Gaggle is an all-girl alternativechoir based in London. They were formed in 2009 and released their first album From the Mouth of the Cave in 2012. The group currently has 22 members, each of whom goes by a single-name pseudonym. The main songwriters are Deborah Coughlin and her former 586 bandmate, Simon Dempsey.
History
Gaggle was founded by Deborah Coughlin in 2009. Within months Gaggle received recognition from NME in their "The fifty most forward-thinking people in music", and were featured in the Evening Standard as leaders in a movement described as "Choir Mania". The group released their first single I Hear Flies in 2010 on Transgressive Records and won Camden Crawl's Best New Act for the Emerging Talent Awards, sponsored by Gibson. In 2011 they released a limited EP called The Brilliant and the Dark on Record Store Day with a performance at Rough Trade East. This was a reworking of a forgotten 1969 Women's Institute opera found by artists Open Music Archive. Gaggle debuted the new show in 2010 at the Women's Library, then took it to the ICA where the record was recorded live, the B-Side compiled of live samples to be remixed by fans on a copyleft licence.
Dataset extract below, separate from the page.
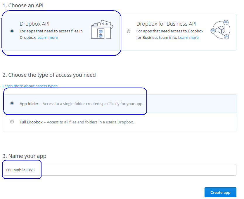 6 必要なアクセスのタイプの「App folder」をクリックします。
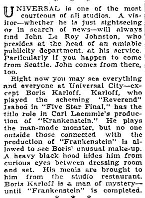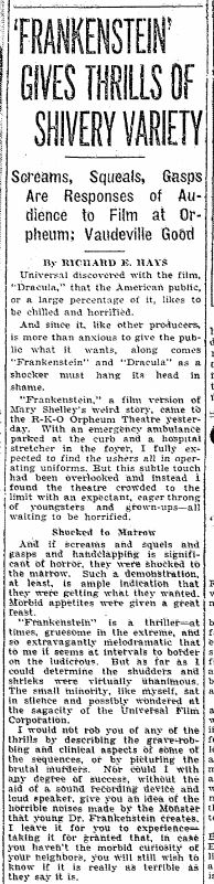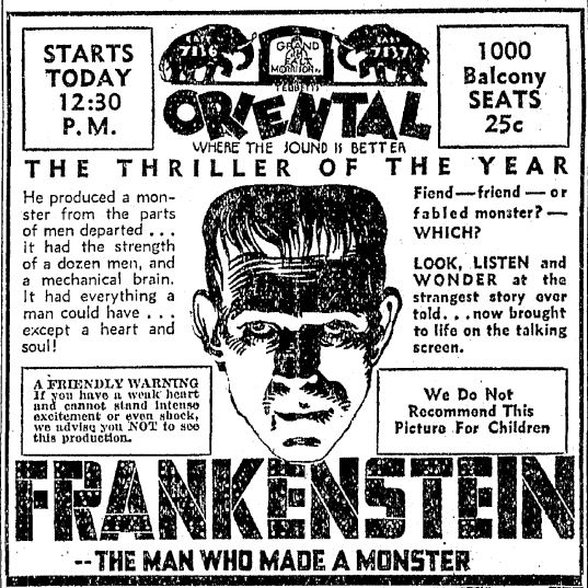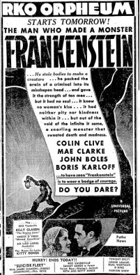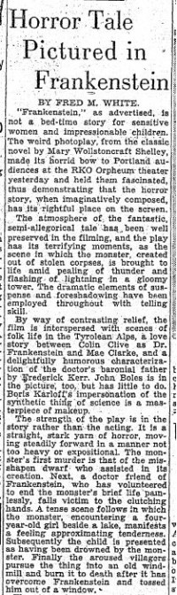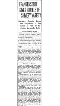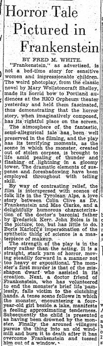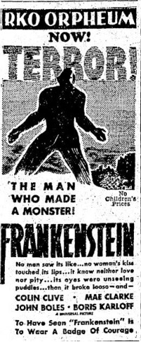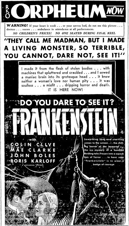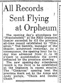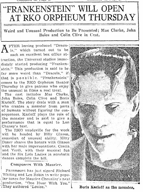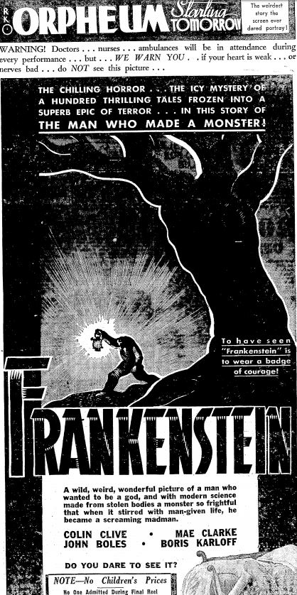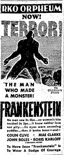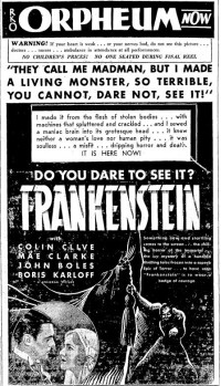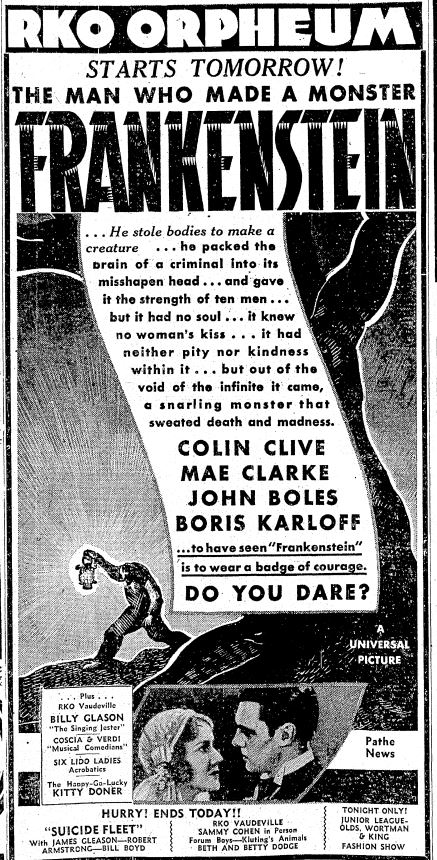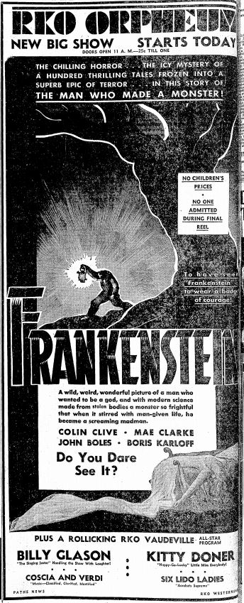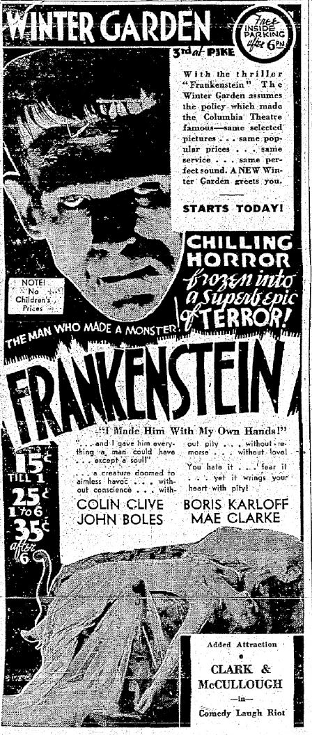 Below you will find a collection of images from the time "Frankenstein" played in Seattle and Portland. Seattle's Orpheum got the film first, then Portland's Orpheum.

Later in 2011 they took "The Brilliant and the Dark" back to its original home The Royal Albert Hall, in the Elgar Room. This gained the attention of The Guardian who described it as "vivacious, visceral, spectacularly indignant wall of sound" in a 4 star review. In 2012 they released their debut albumFrom the Mouth of the Cave: two singles of which, Army of Birds and Power of Money, both received videos, respectively. The cost for second single "Power of Money" was £3000. The reason for the price was explained thus:
The Power of Generosity, Inventiveness, Courage. The Power of Flirting, Improvising, Blagging, Hard Work and Being Nice and Polite. The Power of Friendship, Faith, Obligation, Ambition, Anxiety…..Dreams. Without these Powers this track would not have been made. This song is precious. And yet, we’re told that ‘a single’ is almost valueless. And that pisses us off. So we have done a budget of how much this single ‘cost’. The many hours it took to write, arrange, compose, master; the expertise of all the musicians, technicians, designers, producers involved; the combination of all the Powers described above and more – we’ve totted it all up as best we can and… …we are putting this tune to market for the sum of £3000. The power of money? Let’s see.